A Taster here of my Short story ‘The Road’ featured in New Welsh Reader Summer Issue #117 alongside fiction by Joao Morais, Mihangel Morgan and Anna Vaught. This is the opening story of my Collection ‘A City Burning’ for which I’m seeking a publisher.
Jon Gower has said of ‘The Road’, “a fine tale, solar-plexus punching, vivid and filmic and puts the tragedy fully back into the term ‘Troubles.'”
Synopsis of A City Burning by Gwen Lloyd Davies, Editor, New Welsh Review
24 stories. 50,742 words
It was a very still day. I can only say as I remember and I remember how the air was on the verge of something.

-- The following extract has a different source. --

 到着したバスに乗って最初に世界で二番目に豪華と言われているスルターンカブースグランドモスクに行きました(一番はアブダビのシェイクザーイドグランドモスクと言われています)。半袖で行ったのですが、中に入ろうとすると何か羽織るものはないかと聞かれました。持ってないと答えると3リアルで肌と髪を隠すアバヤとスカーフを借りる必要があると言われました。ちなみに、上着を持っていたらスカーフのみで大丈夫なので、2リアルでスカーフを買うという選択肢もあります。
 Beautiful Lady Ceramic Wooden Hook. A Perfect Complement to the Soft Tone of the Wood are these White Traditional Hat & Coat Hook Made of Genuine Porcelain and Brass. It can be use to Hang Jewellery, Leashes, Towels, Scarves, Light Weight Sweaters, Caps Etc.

We stood under a dome of cloud, whitish, like a plaster ceiling. We stood with this vast lid above us. The railway tracks insisted on the distance, the far distance over the surface of Europe, the distance between them and us.
In a post-war European country, train tracks prolong the distance between over there where men fall and others flee, and here, where a woman welcomes home her mutilated soldier with tender acceptance. So exemplary is her love, this scene’s witness sets herself to learn this way of thinking, as do the many witnesses in this collection. Others, meanwhile, are radicalised, and start to challenge and resist on either side of political divisions or the personal front of domestic tyranny.

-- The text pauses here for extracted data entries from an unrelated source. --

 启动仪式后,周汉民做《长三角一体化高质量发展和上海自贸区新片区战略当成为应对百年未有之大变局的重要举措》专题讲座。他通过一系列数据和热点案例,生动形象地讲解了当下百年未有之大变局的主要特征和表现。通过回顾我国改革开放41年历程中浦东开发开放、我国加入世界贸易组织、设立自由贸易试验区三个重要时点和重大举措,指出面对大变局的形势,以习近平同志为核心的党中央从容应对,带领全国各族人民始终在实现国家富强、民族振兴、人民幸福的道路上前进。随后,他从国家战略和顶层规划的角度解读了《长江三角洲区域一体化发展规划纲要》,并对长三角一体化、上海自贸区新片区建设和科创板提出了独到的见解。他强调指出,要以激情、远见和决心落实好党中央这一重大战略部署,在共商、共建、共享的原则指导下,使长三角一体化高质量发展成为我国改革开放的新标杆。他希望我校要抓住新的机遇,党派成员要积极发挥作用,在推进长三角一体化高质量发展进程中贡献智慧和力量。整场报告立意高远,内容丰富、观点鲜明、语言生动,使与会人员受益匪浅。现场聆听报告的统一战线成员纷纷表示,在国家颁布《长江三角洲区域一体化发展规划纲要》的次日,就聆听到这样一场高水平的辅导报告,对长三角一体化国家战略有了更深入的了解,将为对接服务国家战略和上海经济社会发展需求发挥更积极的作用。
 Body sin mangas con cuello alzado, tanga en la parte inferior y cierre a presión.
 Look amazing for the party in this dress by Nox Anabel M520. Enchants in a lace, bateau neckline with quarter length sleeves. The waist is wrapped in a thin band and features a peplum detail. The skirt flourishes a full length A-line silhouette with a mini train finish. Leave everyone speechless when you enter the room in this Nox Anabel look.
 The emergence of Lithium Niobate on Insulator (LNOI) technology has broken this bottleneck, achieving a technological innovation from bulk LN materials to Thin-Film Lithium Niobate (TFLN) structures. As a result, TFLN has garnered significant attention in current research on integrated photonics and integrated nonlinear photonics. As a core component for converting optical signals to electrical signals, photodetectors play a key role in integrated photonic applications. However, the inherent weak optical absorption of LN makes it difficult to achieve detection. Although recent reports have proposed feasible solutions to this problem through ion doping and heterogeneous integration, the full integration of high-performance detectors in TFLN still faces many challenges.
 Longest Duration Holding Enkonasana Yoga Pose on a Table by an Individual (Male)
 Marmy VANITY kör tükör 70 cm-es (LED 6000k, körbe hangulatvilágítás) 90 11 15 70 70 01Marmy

Graham’s telescoping perspective winds in and out throughout this collection – set in Ireland, Wales and Italy. This is especially true in ’The Road’, set during the summer of 1969 in East Belfast, where a Catholic child in a Protestant community witnesses that, through a tunnel of darkness, ‘something huge was burning’.
In these stories, many bearing witness to violence, injustice and cruelty, people face challenges to their vocation, their values, their sense of belonging, their art or their faith. These include a gay priest, an estranged husband, an actress adrift and a young woman catching the tail-end of heartless urban mayhem. Many of these characters, like Northern Ireland itself, have ‘A talent for endurance, a sardonic patience, and a reverence for suffering as an act of war.’
With a virtuoso control of tone, in turns elegiac, comic, lyrical and philosophical, this collection explores conflicts between political allegiances; between autonomy and intimacy; emotional display and concealment; resistance versus acceptance. It examines power of all types, not least that which allows us, when necessary, to resist desire itself.